> [wptouch menu] does not change with the language
> switch (although the actual content does …)
i just wanted to register my interest in this same question. thanks for testing this and bringing it up!
— wpwalker
Here’s what I got so far from WPtouch Pro support:
“WPtouch Pro currently only includes official support for WPML. What we can do is add this to the list of feature requests to consider for a later release. Looking back, there haven’t been other support requests for Polylang. So we hadn’t seen this reported before. So thank you for letting us know and for helping make WPtouch Pro even better. WPtouch Pro’s developers will consider the feature in a later release.”
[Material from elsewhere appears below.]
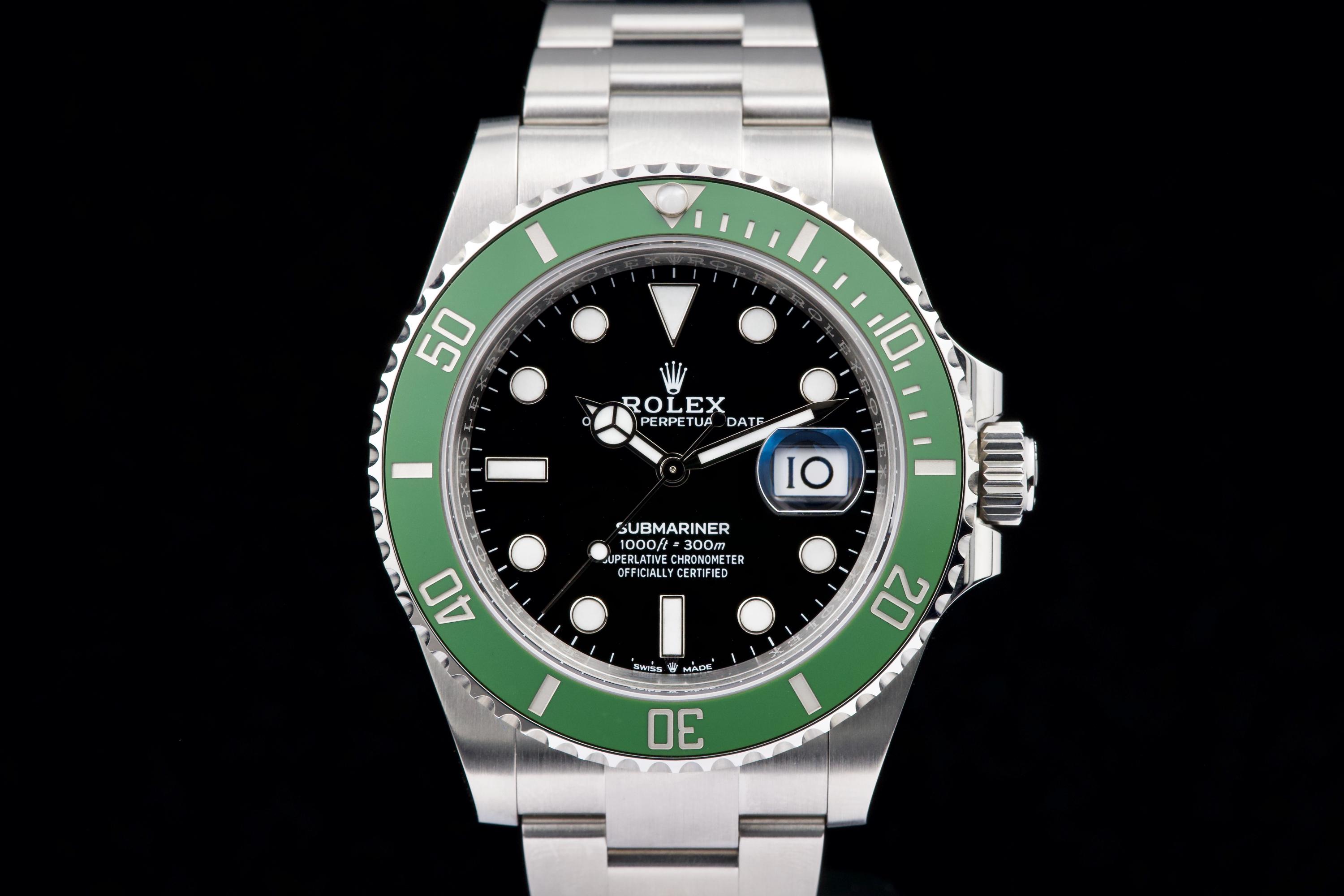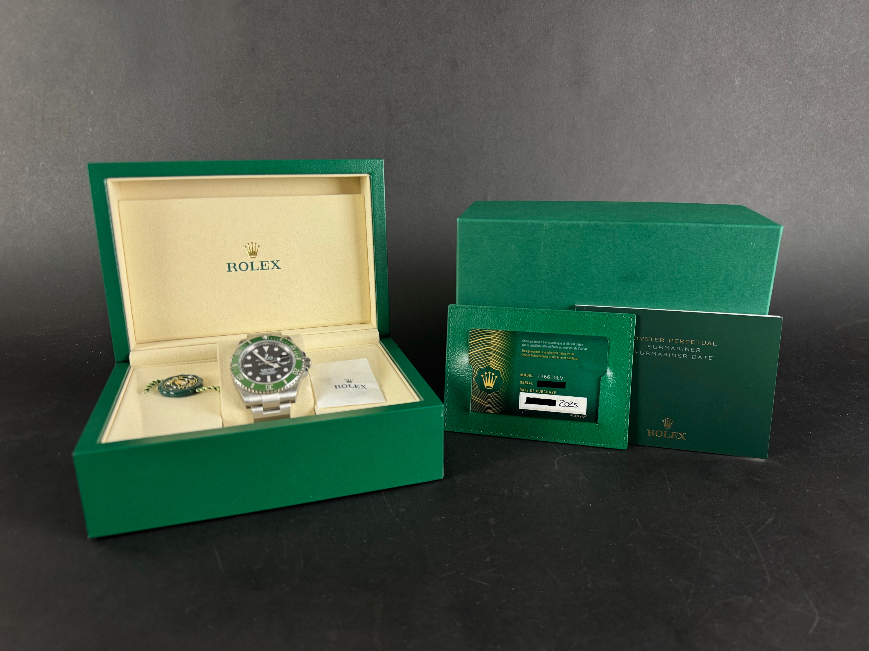 An exceptional and nearly unworn example of the Submariner Date “Starbucks” — featuring the black dial and green Cerachrom bezel. This watch was worn only twice and remains unpolished, in close-to-new condition, showing only the slightest hairline marks on the clasp. The 41 mm stainless steel case houses the automatic Rolex caliber 3235 with 70-hour power reserve and Chronergy escapement, ensuring top precision and durability. Complete with its original new-generation box, warranty card dated 2025, booklets, and accessories. A perfect opportunity to acquire an almost new example of the sought-after Submariner 126610LV, combining modern proportions, everyday wearability, and Rolex’s latest-generation movement.

After I begged to look into it, I got this:
Martin [apparently one of the developers] took a look at this and some noticeable differences between WPML and Polylang are that:
“WPML stores translations as part of the post (presumably post meta), Polylang is a lot cruder, storing translations as separate pages & posts (with different URLs!) and simply recording a cross-reference between them.”
“The first issue is easy enough to diagnose: they’ve probably got WPtouch set to use “WordPress Pages” for the menu, which obviously just dumps everything out
Unlike WPML, which switches the contents of the menu items for the language you’re using, Polylang requires that you manually maintain separate menus for each language. We would have to completely rewrite sections of our menu module to allow customers to pick which menu is for which language. [Which is not in our current future plans.]”
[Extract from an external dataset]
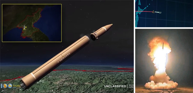 米空軍が2日(現地時間)、「未来への高速道路(Highway for the future)」というタイトルで、米国防映像情報配布システム(DVIDS)に掲載した1分間の映像には、北朝鮮がICBM「火星(ファソン)14」を発射する様子がある。このミサイルは、2段に分離した後、日本列島を越え、太平洋上空を通過して米国に向かって飛んで行く。映像は、北朝鮮のミサイル発射の様子と共に「世界は新しい行為者(new actor)とより一層複雑な脅威(more complex threat)に移動しつつある」と説明した。
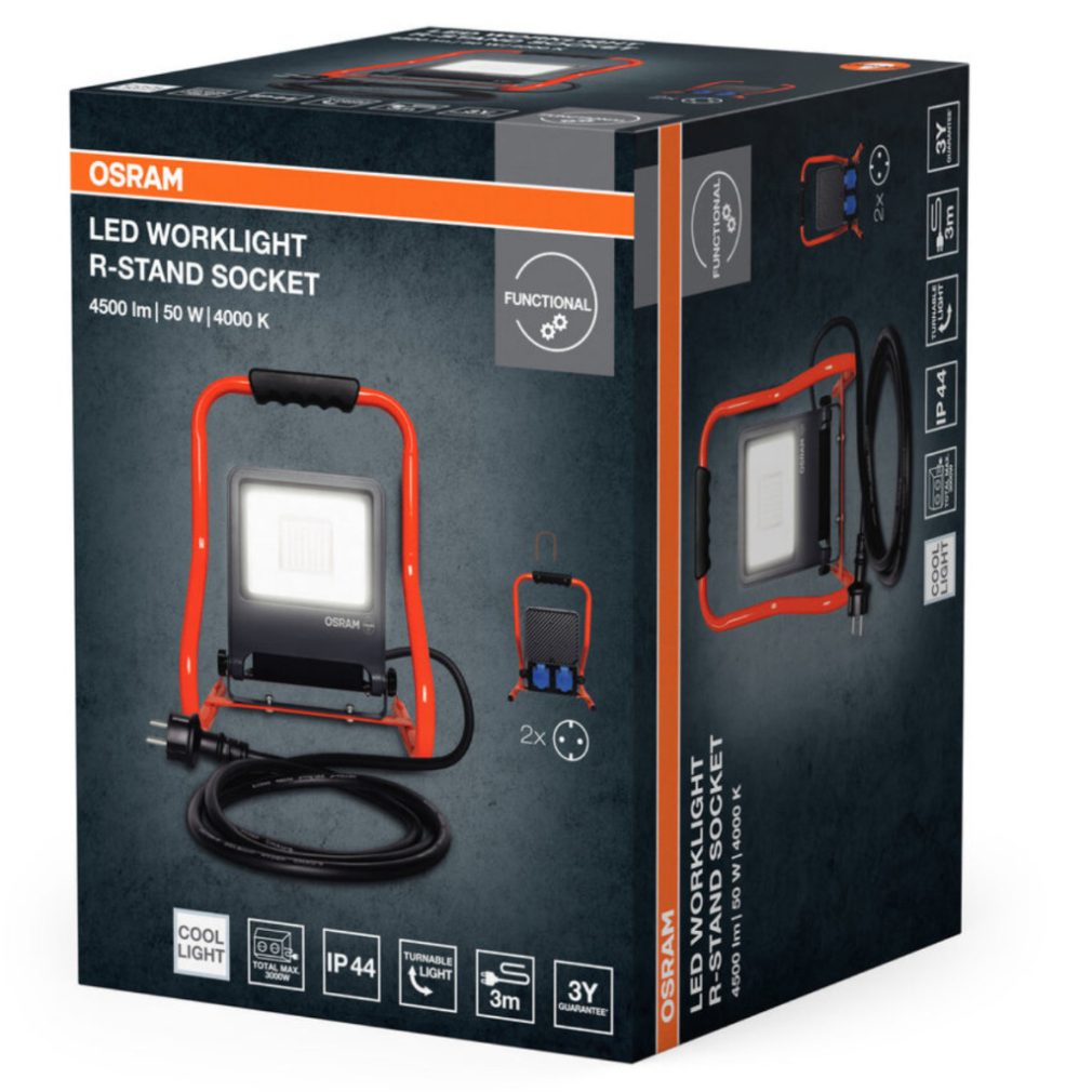 Spot LED Osram pentru exterior cu soclu dublu, alb rece, 50 W (Worklight R-Stand)

So probably better stay away from either WPtouch or Polylang if you wanna run a multilingual WordPress site.
I found a solution, but it is neither very sophisticated nor very elegant. It works though.
What I did (I currently have a German and English version):
1. I created the German and the English mobile menu in WordPress.
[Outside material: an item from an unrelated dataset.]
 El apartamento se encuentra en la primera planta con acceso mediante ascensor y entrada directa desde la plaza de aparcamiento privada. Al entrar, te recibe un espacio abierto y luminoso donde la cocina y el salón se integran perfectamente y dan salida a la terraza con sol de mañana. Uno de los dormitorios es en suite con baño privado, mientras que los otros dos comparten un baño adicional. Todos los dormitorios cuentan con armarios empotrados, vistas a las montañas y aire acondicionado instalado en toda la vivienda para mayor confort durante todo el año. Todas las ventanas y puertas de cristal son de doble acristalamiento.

2. I selected the German menu as primary menu in WPtouch settings. Then opened the mobile page, opened page source code of the rendered page and copied the html-code of the menu (“<ul class="menu-tree parent-links"><li class="menu-item ........./li></ul>
“) to an empty text file.
3. Same as step 2 with the English menu.
4. I edited the header-bottom.php file in the WPtouch child theme:
Commented out line 3
<?php /* if ( wptouch_has_menu( 'primary_menu' ) ) { wptouch_show_menu( 'primary_menu' ); } */ ?>
and added instead
<?php if('de' == pll_current_language()) { ?>
"THE COPIED GERMAN HTML CODE"
<?php } else { ?>
"THE COPIED ENGLISH HTML CODE"
<?php } ?>
Now the menus are hardcoded into the template. If you want to change/update the menus you have to follow the above steps again, which in my case takes less than five minutes and my menus won’t change very often.
Just for the record the reply from WProuch Pro support on my workaround (nice guys)
Hi Michael,
As you have identified, manually adding menus with conditional display based on the active language is an option. We are generally reluctant to provide customers with solutions that rely on such hard-coded output, as it can tend to cause problems in future should they choose to update their normally dynamic content (e.g., menus).
That said, thank you very much for your feedback.